-- Task directions --
Once the pictures are removed, return each record below exactly as written.

-- Available data --
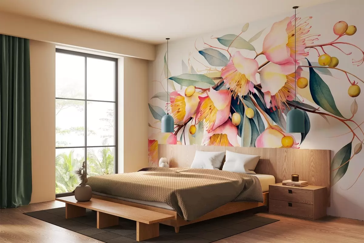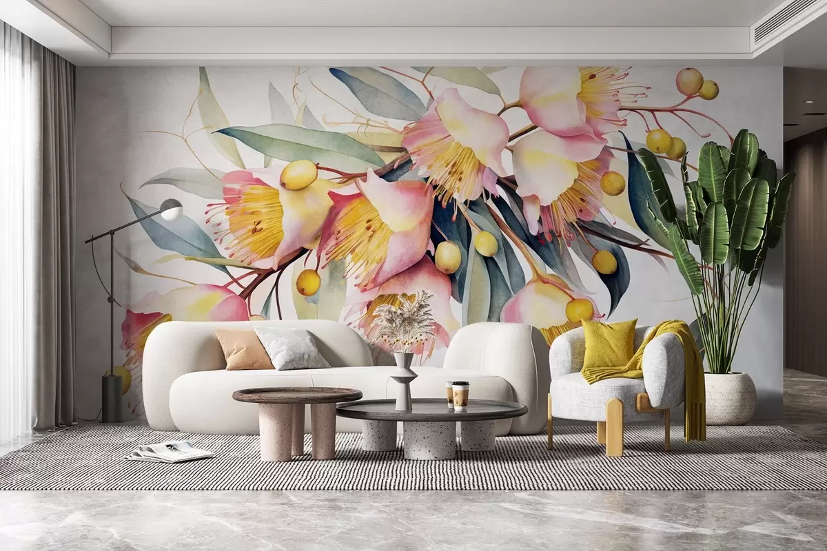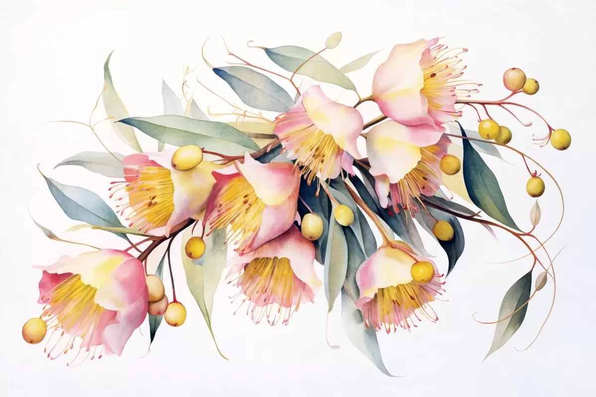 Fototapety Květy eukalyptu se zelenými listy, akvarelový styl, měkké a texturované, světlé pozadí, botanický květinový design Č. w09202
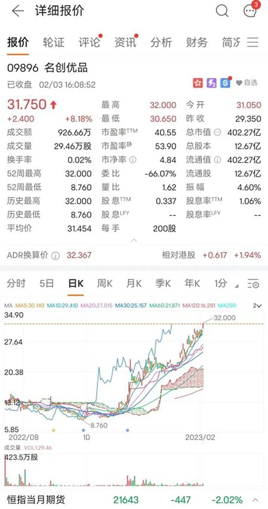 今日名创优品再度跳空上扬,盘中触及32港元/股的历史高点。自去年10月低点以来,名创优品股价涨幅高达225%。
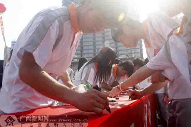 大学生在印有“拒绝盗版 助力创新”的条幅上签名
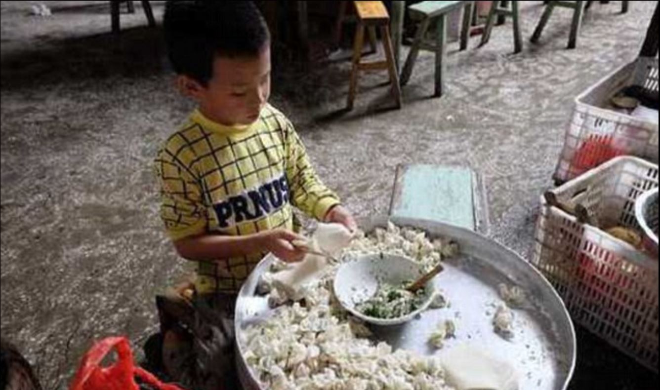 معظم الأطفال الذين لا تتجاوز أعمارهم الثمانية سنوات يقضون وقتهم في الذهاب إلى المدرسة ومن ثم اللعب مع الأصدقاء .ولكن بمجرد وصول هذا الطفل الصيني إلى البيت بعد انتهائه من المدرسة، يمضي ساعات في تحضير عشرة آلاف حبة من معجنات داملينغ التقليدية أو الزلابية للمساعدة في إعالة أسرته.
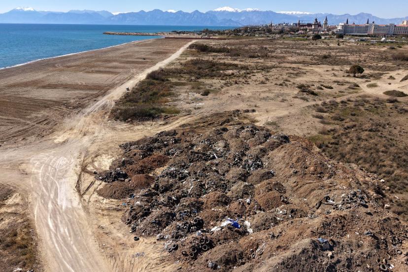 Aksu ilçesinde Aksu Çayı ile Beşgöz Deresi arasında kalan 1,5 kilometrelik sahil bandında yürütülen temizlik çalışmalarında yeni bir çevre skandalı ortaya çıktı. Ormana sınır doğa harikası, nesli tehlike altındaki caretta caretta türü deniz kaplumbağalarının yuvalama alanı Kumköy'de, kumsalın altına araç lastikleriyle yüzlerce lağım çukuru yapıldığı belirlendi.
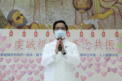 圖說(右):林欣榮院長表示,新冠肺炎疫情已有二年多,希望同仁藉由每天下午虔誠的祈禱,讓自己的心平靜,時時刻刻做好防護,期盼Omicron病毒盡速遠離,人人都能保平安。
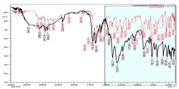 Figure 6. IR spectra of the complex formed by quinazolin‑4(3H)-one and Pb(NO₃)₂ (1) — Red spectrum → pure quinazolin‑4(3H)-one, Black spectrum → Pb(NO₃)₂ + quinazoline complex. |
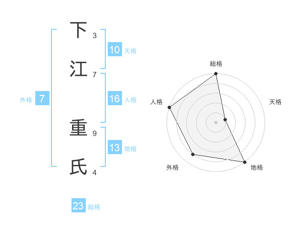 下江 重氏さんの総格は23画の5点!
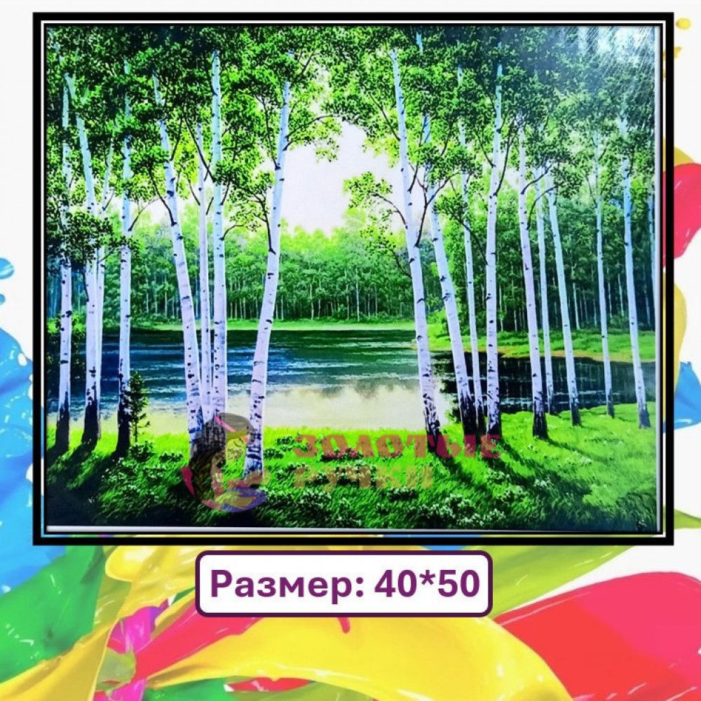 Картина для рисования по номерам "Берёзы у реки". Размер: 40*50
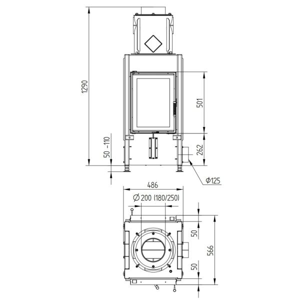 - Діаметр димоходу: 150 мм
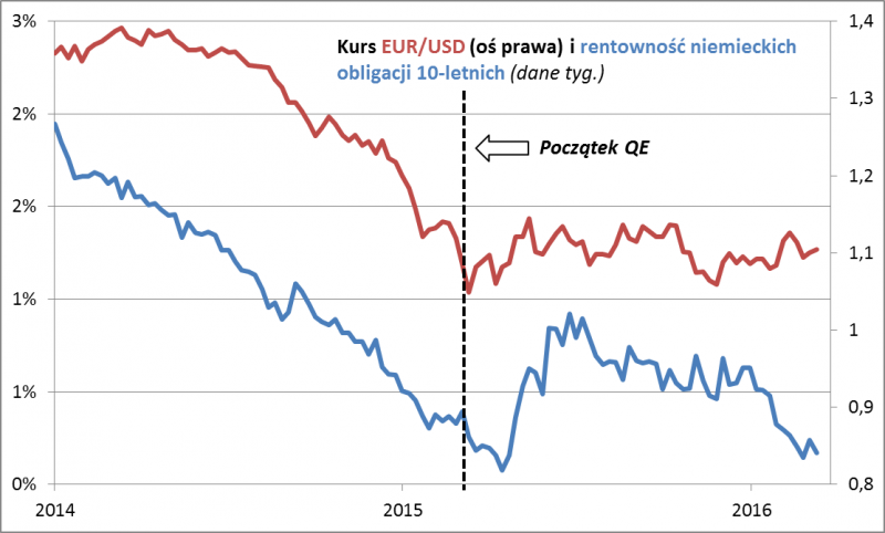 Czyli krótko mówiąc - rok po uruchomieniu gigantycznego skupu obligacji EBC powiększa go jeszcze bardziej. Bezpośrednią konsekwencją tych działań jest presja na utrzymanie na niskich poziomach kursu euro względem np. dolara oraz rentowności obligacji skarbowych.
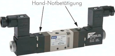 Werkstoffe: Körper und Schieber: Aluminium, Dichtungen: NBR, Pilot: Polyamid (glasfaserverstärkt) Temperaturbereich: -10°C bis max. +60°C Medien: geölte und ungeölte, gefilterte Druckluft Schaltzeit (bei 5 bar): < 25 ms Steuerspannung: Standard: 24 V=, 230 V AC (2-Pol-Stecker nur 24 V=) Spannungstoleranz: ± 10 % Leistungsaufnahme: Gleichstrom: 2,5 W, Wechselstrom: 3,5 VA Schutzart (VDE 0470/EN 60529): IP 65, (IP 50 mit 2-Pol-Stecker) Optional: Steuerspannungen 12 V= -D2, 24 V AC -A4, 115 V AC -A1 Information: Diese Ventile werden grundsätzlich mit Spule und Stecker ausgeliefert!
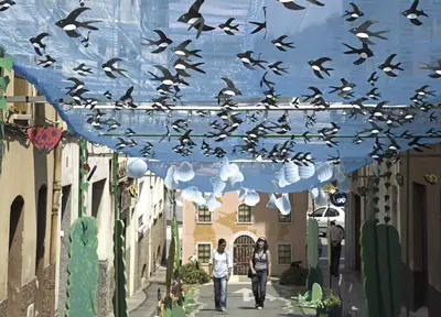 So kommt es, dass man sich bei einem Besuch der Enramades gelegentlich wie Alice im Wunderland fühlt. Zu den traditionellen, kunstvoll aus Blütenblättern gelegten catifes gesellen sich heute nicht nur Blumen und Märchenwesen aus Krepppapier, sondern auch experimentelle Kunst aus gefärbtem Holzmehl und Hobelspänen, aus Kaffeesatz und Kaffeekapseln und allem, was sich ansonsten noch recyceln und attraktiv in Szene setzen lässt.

-- Solution to this task --
 Fototapety Květy eukalyptu se zelenými listy, akvarelový styl, měkké a texturované, světlé pozadí, botanický květinový design Č. w09202
 今日名创优品再度跳空上扬,盘中触及32港元/股的历史高点。自去年10月低点以来,名创优品股价涨幅高达225%。
 大学生在印有“拒绝盗版 助力创新”的条幅上签名
 معظم الأطفال الذين لا تتجاوز أعمارهم الثمانية سنوات يقضون وقتهم في الذهاب إلى المدرسة ومن ثم اللعب مع الأصدقاء .ولكن بمجرد وصول هذا الطفل الصيني إلى البيت بعد انتهائه من المدرسة، يمضي ساعات في تحضير عشرة آلاف حبة من معجنات داملينغ التقليدية أو الزلابية للمساعدة في إعالة أسرته.
 Aksu ilçesinde Aksu Çayı ile Beşgöz Deresi arasında kalan 1,5 kilometrelik sahil bandında yürütülen temizlik çalışmalarında yeni bir çevre skandalı ortaya çıktı. Ormana sınır doğa harikası, nesli tehlike altındaki caretta caretta türü deniz kaplumbağalarının yuvalama alanı Kumköy'de, kumsalın altına araç lastikleriyle yüzlerce lağım çukuru yapıldığı belirlendi.
 圖說(右):林欣榮院長表示,新冠肺炎疫情已有二年多,希望同仁藉由每天下午虔誠的祈禱,讓自己的心平靜,時時刻刻做好防護,期盼Omicron病毒盡速遠離,人人都能保平安。
 Figure 6. IR spectra of the complex formed by quinazolin‑4(3H)-one and Pb(NO₃)₂ (1) — Red spectrum → pure quinazolin‑4(3H)-one, Black spectrum → Pb(NO₃)₂ + quinazoline complex. |
 下江 重氏さんの総格は23画の5点!
 Картина для рисования по номерам "Берёзы у реки". Размер: 40*50
 - Діаметр димоходу: 150 мм
 Czyli krótko mówiąc - rok po uruchomieniu gigantycznego skupu obligacji EBC powiększa go jeszcze bardziej. Bezpośrednią konsekwencją tych działań jest presja na utrzymanie na niskich poziomach kursu euro względem np. dolara oraz rentowności obligacji skarbowych.
 Werkstoffe: Körper und Schieber: Aluminium, Dichtungen: NBR, Pilot: Polyamid (glasfaserverstärkt) Temperaturbereich: -10°C bis max. +60°C Medien: geölte und ungeölte, gefilterte Druckluft Schaltzeit (bei 5 bar): < 25 ms Steuerspannung: Standard: 24 V=, 230 V AC (2-Pol-Stecker nur 24 V=) Spannungstoleranz: ± 10 % Leistungsaufnahme: Gleichstrom: 2,5 W, Wechselstrom: 3,5 VA Schutzart (VDE 0470/EN 60529): IP 65, (IP 50 mit 2-Pol-Stecker) Optional: Steuerspannungen 12 V= -D2, 24 V AC -A4, 115 V AC -A1 Information: Diese Ventile werden grundsätzlich mit Spule und Stecker ausgeliefert!
 So kommt es, dass man sich bei einem Besuch der Enramades gelegentlich wie Alice im Wunderland fühlt. Zu den traditionellen, kunstvoll aus Blütenblättern gelegten catifes gesellen sich heute nicht nur Blumen und Märchenwesen aus Krepppapier, sondern auch experimentelle Kunst aus gefärbtem Holzmehl und Hobelspänen, aus Kaffeesatz und Kaffeekapseln und allem, was sich ansonsten noch recyceln und attraktiv in Szene setzen lässt.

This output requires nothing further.